■ RECORDS SUPPLIED:
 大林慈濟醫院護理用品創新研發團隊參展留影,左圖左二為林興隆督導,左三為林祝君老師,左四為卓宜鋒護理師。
--
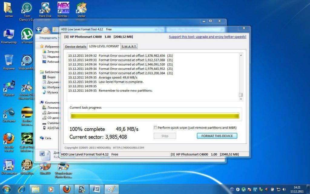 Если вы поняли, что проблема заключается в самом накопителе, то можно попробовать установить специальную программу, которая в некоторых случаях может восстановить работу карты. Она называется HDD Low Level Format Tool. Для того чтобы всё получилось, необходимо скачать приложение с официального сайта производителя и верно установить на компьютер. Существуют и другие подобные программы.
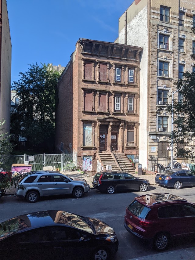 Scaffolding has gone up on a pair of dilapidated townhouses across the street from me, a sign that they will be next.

■ YOUR ASSIGNMENT: An exact transcription is needed of the lines from the one with "Если вы поняли, что" to the one with "Scaffolding has gone" above, both ends included, with pictures left out.

■ EXERCISE SOLUTION:
 Если вы поняли, что проблема заключается в самом накопителе, то можно попробовать установить специальную программу, которая в некоторых случаях может восстановить работу карты. Она называется HDD Low Level Format Tool. Для того чтобы всё получилось, необходимо скачать приложение с официального сайта производителя и верно установить на компьютер. Существуют и другие подобные программы.
 Scaffolding has gone up on a pair of dilapidated townhouses across the street from me, a sign that they will be next.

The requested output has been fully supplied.